Figure 2: Multiple species sequence alignment of the microprotein mitoregulin generated using the Clustal Omega program. The mitoregulin amino acid sequences for the eight species indicated were extracted as detailed in protocol section 6 and aligned with the Clustal Omega multiple sequence alignment tool. The properties of the amino acids are indicated by color (red, small/hydrophobic; blue, acidic; magenta, basic; green, hydroxl/sulfhydryl/amine) (further defined in Table 2). The symbols below the amino acids indicate the degree of conservation (asterisks, fully-conserved residues; colons, amino acids with strongly similar properties; periods, conservation between groups of weakly similar properties) (detailed extensively in Table 1). Please click here to view a larger version of this figure.

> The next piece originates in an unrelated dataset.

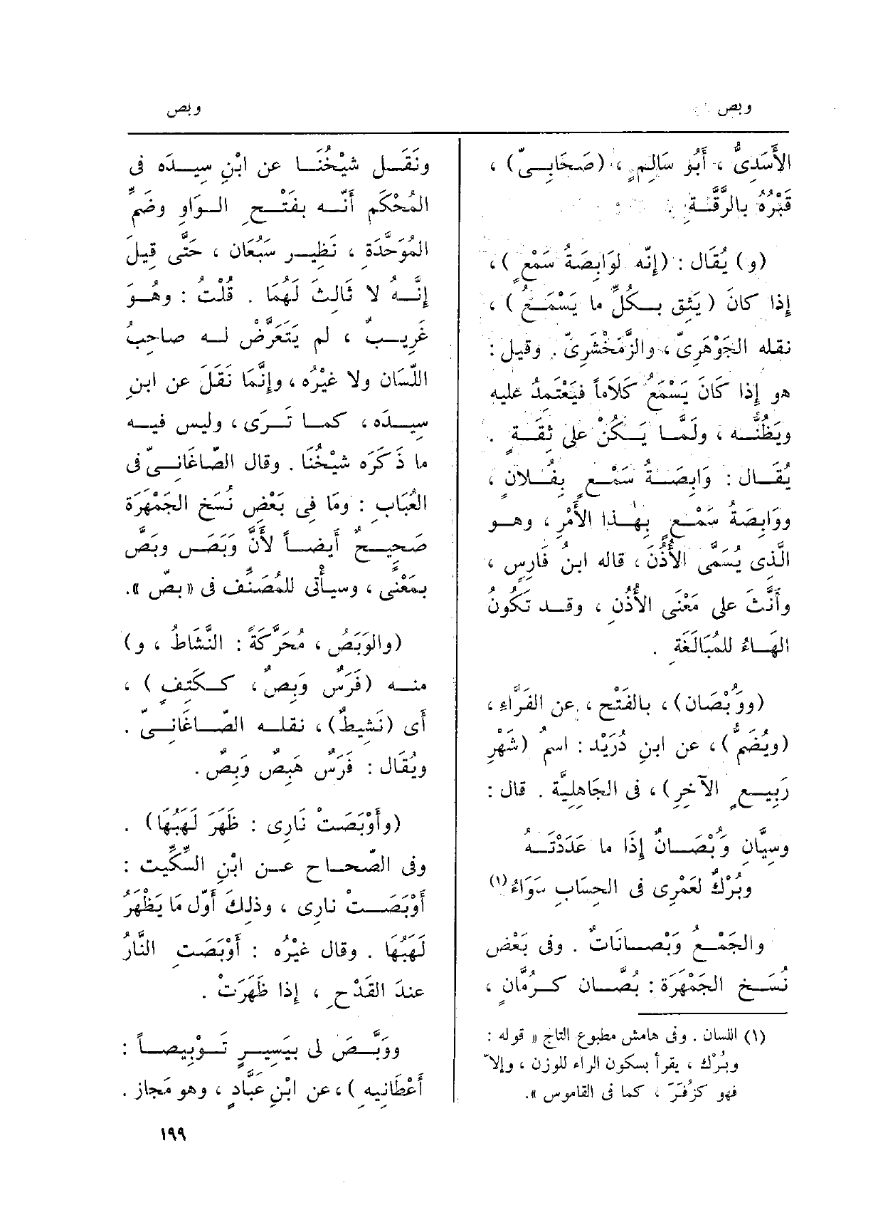 وَالْجمع} وَبصْانَاتٌ. وَفِي بعض نُسَخ الجَمْهَرَة: بُصَّان كرُمَّانٍ، ونَقَل شيْخُنَا عَن ابْنِ سِيدَه فِي المُحْكَم أَنّه بفَتْحِ الوَاوِ وضَمِّ المُوَحَّدةِ، نَظِير سَبُعَان، حَتَّى قِيلَ إِنَّهُ لَا ثَالِثَ لَهُمَا. قُلْتُ: وهُوَ غَرِيبٌ، لم يَتَعَرَّضْ لَهُ صاحِبُ اللّسَان وَلَا غيْرُه، وإِنَّمَا نَقَلَ عَن ابنِ سِيدَه، كَمَا تَرَى، وَلَيْسَ فِيهِ مَا ذَكَرَه شيْخُنَا. وَقَالَ الصّاغَانِيّ فِي العُبَابِ: ومَا فِي بَعْضِ نُسَخ الجَمْهَرَة صَحِيحٌ أَيضاً لأَنَّ وَبَصَ وبَصَّ بمَعْنىً، وسيأْتي للمُصَنِّف فِي بصّ. {والوَبَصُ، مُحَرَّكَةً: النَّشَاطُ، وَمِنْه فَرَسٌ} وَبِصٌ، ككَتِفٍ، أَي نَشِيطٌ، نَقله الصّاغَانِيّ. ويُقَال: فَرَسٌ هَبِصٌ وَبِصٌ. {وأَوْبَصَتْ نَارِي: ظَهَرَ لَهَبُهَا. وَفِي الصّحاح عَن ابْنِ السِّكِّيت:} أَوْبَصَتْ نَارِي، وذلِكَ أَوّل مَا يَظْهَرُ لَهَبُهَا. وَقَالَ غيْرُه: {أَوْبَصَتِ النَّارُ عندَ القَدْحِ، إِذا ظَهَرَتْ.} ووَبَّصَ لي بيَسِيرٍ! تَوْبِيصاً: أَعْطَانِيهِ، عَن ابْنِ عَبَّادٍ، وَهُوَ مَجاز.

Figure 3: A screenshot of the PhyloCSF tracks for the validated long noncoding RNA Hotair shows a lack of sequence conservation throughout its genomic locus. The arrowheads in the intronic region of Hotair are pointing left, indicating that the lncRNA is transcribed from the negative strand of DNA, and therefore the PhyloCSF -1, -2, and -3 tracks should be the focus of analysis. Note that the PhyloCSF score is negative throughout the entire gene (for all six tracks), indicating a lack of sequence conservation, which supports its proper annotation as a noncoding RNA. Please click here to view a larger version of this figure.
Figure 4: PhyloCSF analysis of the mouse 1810058I24Rik gene, which encodes the microprotein mitolamban/Stmp1/Mm47. (A) The mouse 1810058I24Rik gene is comprised of three exons, and the arrowheads in the intronic regions point right, indicating it is transcribed on the plus strand of DNA and therefore the PhyloCSF +1, +2, and +3 tracks should be analyzed. The conserved microprotein coding sequence spans all three exons, starting in exon 1 (B), reading through exon 2 (C), and ending in exon 3 (D). Note that the positive PhyloCSF score is found on the +2 track in exon 1, the +3 track in exon 2, and the +2 track in exon 1. The reason for the movement of the positive score from one track to the other is that PhyloCSF analyzes the six potential reading frames of the DNA sequence independent of the gene's exon/intron structure. Therefore, an intron containing a number of nucleotides that is not divisible by three (three nucleotides/codon) will cause a shift in the reading frame to a different track. Please click here to view a larger version of this figure.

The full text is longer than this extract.